Problem requirements -
Copy out the listing that follows exactly, dropping every picture.

Data -
+ + +
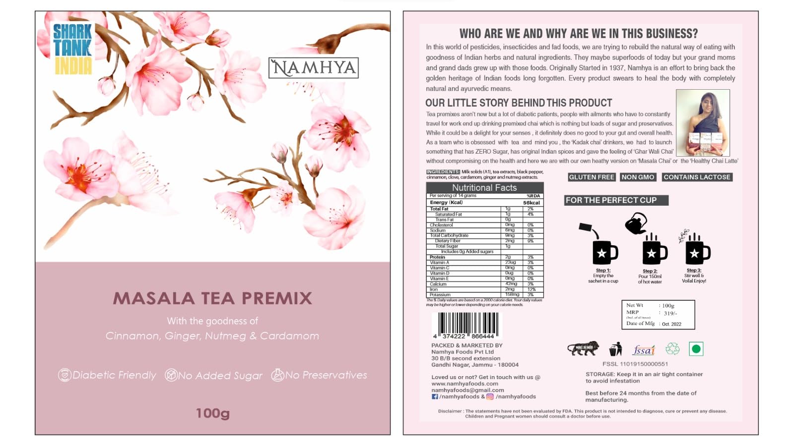 Experience the authentic flavors of Indian masala tea with Namhya Instant Masala Tea Premix! Indulge in a rich and aromatic cup of tea made from a perfect blend of premium tea extracts and a harmonious combination of Black Pepper Cinnamon Clove Cardamom and Ginger.Key Features:1. Authentic Indian Masala Tea: Namhya brings you the true essence of Indian masala tea carefully crafted to deliver an unforgettable tea-drinking experience.2. Easy to Prepare: Enjoy the convenience of our instant masala tea premix. Simply add hot water stir and savor the goodness within minutes.3. Premium Ingredients: We prioritize quality and flavor above all else. Our tea premix is made from the finest tea extracts and infused with a tantalizing mix of Black Pepper Cinnamon Clove Cardamom and Ginger.4. Gluten-Free and Non-GMO: We understand the importance of dietary preferences and health-conscious choices. This masala tea premix is gluten-free and free from genetically modified organisms.5. Aromatic and Invigorating: Each sip will take you on a sensory journey with the invigorating aroma and well-balanced blend of spices leaving a lasting impression.6. Perfect Anytime Beverage: Whether you want to kickstart your day take a refreshing break or unwind after a long day Namhya Instant Masala Tea Premix is the ideal beverage companion.7. Portable and Travel-Friendly: Each 100g pack is designed to be easily carried with you allowing you to enjoy a delightful cup of masala tea anywhere anytime.Savor the harmonious symphony of flavors in every cup of Namhya Instant Masala Tea Premix. Add it to your cart now and experience the magic of traditional Indian masala tea with a modern twist. Make tea-time truly special with Namhya!
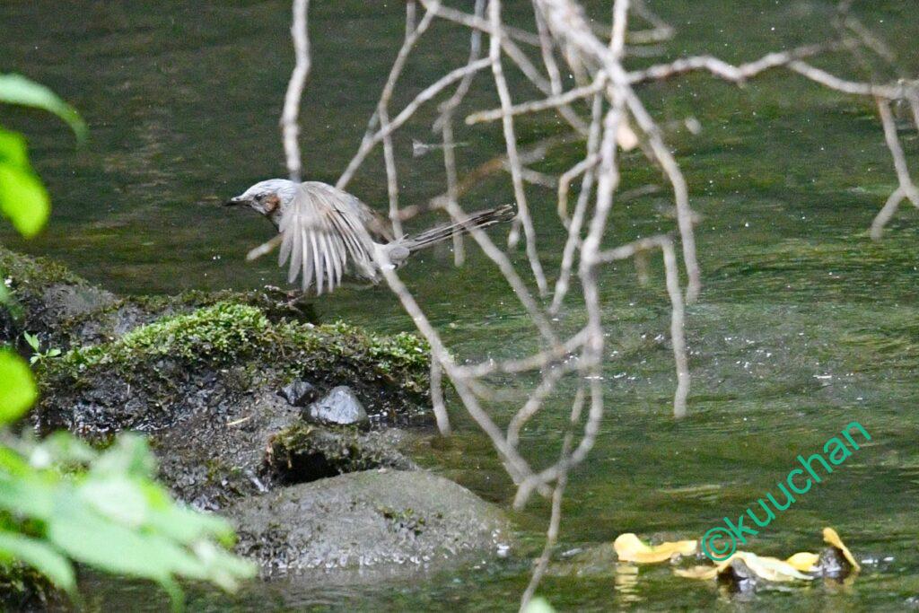 木の葉が生い茂り、笹薮に阻まれて川岸がよく見えないけれど、しゃがんで木の枝の間から覗くと、いた!!
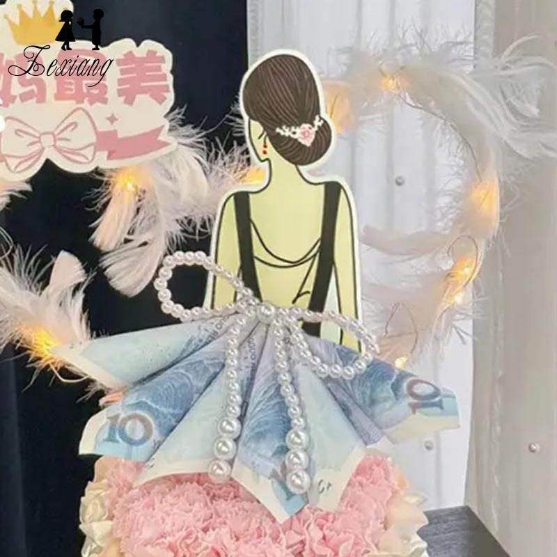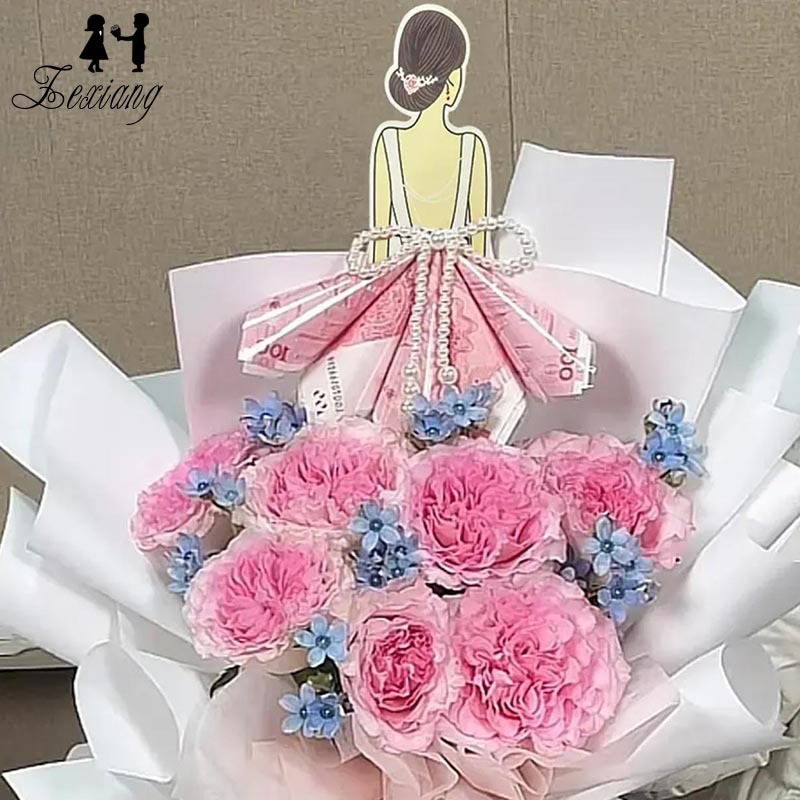 热销母亲节卡片公主裙有钱花花束装饰卡片DIY花店鲜花包装材料
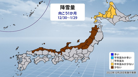 続いて降雪量を見ると、日本海側の地域では雪が少ない予想です。
+ + +
Result of this exercise -
 Experience the authentic flavors of Indian masala tea with Namhya Instant Masala Tea Premix! Indulge in a rich and aromatic cup of tea made from a perfect blend of premium tea extracts and a harmonious combination of Black Pepper Cinnamon Clove Cardamom and Ginger.Key Features:1. Authentic Indian Masala Tea: Namhya brings you the true essence of Indian masala tea carefully crafted to deliver an unforgettable tea-drinking experience.2. Easy to Prepare: Enjoy the convenience of our instant masala tea premix. Simply add hot water stir and savor the goodness within minutes.3. Premium Ingredients: We prioritize quality and flavor above all else. Our tea premix is made from the finest tea extracts and infused with a tantalizing mix of Black Pepper Cinnamon Clove Cardamom and Ginger.4. Gluten-Free and Non-GMO: We understand the importance of dietary preferences and health-conscious choices. This masala tea premix is gluten-free and free from genetically modified organisms.5. Aromatic and Invigorating: Each sip will take you on a sensory journey with the invigorating aroma and well-balanced blend of spices leaving a lasting impression.6. Perfect Anytime Beverage: Whether you want to kickstart your day take a refreshing break or unwind after a long day Namhya Instant Masala Tea Premix is the ideal beverage companion.7. Portable and Travel-Friendly: Each 100g pack is designed to be easily carried with you allowing you to enjoy a delightful cup of masala tea anywhere anytime.Savor the harmonious symphony of flavors in every cup of Namhya Instant Masala Tea Premix. Add it to your cart now and experience the magic of traditional Indian masala tea with a modern twist. Make tea-time truly special with Namhya!
 木の葉が生い茂り、笹薮に阻まれて川岸がよく見えないけれど、しゃがんで木の枝の間から覗くと、いた!!
 热销母亲节卡片公主裙有钱花花束装饰卡片DIY花店鲜花包装材料
 続いて降雪量を見ると、日本海側の地域では雪が少ない予想です。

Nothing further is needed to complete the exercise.